**Task to carry out:** Among the entries below, please repeat exactly and only the lines from the line containing "山崎実業 nooks ヌークス" to the line containing "В №79 от 30", both lines included.

**Supplied records:**
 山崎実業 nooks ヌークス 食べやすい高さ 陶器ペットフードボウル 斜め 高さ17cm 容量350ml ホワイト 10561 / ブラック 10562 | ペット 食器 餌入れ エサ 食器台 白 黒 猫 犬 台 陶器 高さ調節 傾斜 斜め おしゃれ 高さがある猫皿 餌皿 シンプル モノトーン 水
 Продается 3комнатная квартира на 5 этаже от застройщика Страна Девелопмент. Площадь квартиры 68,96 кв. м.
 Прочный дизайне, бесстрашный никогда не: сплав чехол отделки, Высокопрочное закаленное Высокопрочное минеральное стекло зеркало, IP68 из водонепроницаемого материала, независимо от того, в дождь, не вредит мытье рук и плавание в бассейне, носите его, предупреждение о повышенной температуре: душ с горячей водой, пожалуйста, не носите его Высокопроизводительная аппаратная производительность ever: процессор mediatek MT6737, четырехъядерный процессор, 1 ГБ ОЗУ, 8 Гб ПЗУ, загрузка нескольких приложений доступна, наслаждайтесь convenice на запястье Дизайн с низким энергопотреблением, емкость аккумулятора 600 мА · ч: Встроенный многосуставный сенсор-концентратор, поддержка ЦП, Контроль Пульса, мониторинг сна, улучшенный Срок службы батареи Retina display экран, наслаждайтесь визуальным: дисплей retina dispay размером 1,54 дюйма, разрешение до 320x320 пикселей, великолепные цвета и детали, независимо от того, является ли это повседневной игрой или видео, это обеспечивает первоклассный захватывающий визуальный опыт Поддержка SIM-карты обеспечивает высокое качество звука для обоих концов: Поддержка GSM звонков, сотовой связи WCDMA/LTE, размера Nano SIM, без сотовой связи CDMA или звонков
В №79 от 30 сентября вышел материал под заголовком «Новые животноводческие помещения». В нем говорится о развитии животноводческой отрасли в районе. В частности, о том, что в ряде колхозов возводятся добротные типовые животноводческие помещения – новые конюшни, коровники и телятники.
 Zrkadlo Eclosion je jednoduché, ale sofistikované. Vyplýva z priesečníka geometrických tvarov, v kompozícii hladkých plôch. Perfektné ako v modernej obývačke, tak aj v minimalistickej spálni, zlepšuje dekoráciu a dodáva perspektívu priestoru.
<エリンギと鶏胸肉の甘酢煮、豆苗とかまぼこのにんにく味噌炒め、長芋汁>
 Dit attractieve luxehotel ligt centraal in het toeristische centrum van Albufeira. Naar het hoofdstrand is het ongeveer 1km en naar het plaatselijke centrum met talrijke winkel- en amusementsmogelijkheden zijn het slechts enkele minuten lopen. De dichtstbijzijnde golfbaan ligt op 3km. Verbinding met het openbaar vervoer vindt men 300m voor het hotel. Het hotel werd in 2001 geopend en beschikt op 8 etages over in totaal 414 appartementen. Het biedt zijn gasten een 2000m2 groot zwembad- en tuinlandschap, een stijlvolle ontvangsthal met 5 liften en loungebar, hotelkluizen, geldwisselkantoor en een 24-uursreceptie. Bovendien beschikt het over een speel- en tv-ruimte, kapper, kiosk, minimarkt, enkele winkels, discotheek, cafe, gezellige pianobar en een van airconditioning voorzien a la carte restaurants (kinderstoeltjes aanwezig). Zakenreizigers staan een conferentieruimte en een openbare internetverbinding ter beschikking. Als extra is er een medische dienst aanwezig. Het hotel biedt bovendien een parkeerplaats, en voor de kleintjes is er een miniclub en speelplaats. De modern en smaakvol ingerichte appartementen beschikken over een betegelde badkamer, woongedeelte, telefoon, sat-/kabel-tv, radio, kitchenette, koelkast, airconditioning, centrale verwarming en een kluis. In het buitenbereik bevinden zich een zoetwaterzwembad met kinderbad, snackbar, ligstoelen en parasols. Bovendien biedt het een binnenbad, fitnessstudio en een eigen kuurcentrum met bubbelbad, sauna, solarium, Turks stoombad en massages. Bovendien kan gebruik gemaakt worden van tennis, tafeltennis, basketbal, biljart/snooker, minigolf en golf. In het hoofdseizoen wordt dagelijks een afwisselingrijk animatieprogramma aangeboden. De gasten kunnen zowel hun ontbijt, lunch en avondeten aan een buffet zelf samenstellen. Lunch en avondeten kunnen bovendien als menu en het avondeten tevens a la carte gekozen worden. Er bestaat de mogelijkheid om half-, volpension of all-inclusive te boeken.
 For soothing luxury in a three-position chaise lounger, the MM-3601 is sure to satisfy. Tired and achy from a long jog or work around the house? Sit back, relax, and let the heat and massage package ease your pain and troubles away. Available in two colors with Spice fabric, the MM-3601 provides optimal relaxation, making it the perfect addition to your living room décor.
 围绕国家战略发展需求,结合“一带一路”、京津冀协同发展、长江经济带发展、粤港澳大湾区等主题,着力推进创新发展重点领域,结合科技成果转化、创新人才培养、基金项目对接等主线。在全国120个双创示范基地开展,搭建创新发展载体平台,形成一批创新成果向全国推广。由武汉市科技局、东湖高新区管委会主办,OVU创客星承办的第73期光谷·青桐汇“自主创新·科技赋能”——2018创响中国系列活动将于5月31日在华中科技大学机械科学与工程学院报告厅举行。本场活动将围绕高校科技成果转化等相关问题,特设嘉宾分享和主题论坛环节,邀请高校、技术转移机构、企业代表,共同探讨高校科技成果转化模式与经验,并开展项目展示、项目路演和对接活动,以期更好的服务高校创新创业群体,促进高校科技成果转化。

--

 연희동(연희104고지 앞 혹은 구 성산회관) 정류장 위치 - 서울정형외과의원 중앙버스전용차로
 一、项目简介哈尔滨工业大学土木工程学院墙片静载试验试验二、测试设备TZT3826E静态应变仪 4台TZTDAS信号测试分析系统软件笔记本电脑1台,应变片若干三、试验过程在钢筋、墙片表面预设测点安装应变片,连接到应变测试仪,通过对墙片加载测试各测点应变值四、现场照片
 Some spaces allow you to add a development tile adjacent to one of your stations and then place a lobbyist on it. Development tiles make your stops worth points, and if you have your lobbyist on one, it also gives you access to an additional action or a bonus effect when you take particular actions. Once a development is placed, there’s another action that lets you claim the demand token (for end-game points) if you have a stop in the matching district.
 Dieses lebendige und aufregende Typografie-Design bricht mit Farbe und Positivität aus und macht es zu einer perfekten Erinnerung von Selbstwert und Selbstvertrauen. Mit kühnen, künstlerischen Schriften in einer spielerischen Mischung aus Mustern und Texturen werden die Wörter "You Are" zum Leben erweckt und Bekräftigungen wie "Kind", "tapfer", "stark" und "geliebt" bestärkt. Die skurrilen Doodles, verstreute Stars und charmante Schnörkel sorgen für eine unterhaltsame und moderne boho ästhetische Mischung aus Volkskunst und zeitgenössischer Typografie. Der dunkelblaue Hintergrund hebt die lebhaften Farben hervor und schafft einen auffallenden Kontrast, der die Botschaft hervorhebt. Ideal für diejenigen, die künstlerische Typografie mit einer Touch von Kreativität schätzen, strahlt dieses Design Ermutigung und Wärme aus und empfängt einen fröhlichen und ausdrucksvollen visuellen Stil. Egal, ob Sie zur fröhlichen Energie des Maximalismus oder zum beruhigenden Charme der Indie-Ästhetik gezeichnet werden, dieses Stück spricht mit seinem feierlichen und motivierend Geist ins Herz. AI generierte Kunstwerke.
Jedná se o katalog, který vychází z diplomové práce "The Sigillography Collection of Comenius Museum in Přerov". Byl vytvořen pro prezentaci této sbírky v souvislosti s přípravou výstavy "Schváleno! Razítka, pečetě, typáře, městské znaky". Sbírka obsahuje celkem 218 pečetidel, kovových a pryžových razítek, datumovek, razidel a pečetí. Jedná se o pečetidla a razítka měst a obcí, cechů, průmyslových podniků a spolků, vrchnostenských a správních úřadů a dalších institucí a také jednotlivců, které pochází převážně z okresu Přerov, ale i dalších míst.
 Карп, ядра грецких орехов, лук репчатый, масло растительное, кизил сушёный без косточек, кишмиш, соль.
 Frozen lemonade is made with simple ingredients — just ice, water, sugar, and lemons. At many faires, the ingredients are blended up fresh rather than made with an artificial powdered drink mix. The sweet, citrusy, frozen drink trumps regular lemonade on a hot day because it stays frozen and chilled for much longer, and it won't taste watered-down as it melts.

**Result:**
 山崎実業 nooks ヌークス 食べやすい高さ 陶器ペットフードボウル 斜め 高さ17cm 容量350ml ホワイト 10561 / ブラック 10562 | ペット 食器 餌入れ エサ 食器台 白 黒 猫 犬 台 陶器 高さ調節 傾斜 斜め おしゃれ 高さがある猫皿 餌皿 シンプル モノトーン 水
 Продается 3комнатная квартира на 5 этаже от застройщика Страна Девелопмент. Площадь квартиры 68,96 кв. м.
 Прочный дизайне, бесстрашный никогда не: сплав чехол отделки, Высокопрочное закаленное Высокопрочное минеральное стекло зеркало, IP68 из водонепроницаемого материала, независимо от того, в дождь, не вредит мытье рук и плавание в бассейне, носите его, предупреждение о повышенной температуре: душ с горячей водой, пожалуйста, не носите его Высокопроизводительная аппаратная производительность ever: процессор mediatek MT6737, четырехъядерный процессор, 1 ГБ ОЗУ, 8 Гб ПЗУ, загрузка нескольких приложений доступна, наслаждайтесь convenice на запястье Дизайн с низким энергопотреблением, емкость аккумулятора 600 мА · ч: Встроенный многосуставный сенсор-концентратор, поддержка ЦП, Контроль Пульса, мониторинг сна, улучшенный Срок службы батареи Retina display экран, наслаждайтесь визуальным: дисплей retina dispay размером 1,54 дюйма, разрешение до 320x320 пикселей, великолепные цвета и детали, независимо от того, является ли это повседневной игрой или видео, это обеспечивает первоклассный захватывающий визуальный опыт Поддержка SIM-карты обеспечивает высокое качество звука для обоих концов: Поддержка GSM звонков, сотовой связи WCDMA/LTE, размера Nano SIM, без сотовой связи CDMA или звонков
В №79 от 30 сентября вышел материал под заголовком «Новые животноводческие помещения». В нем говорится о развитии животноводческой отрасли в районе. В частности, о том, что в ряде колхозов возводятся добротные типовые животноводческие помещения – новые конюшни, коровники и телятники.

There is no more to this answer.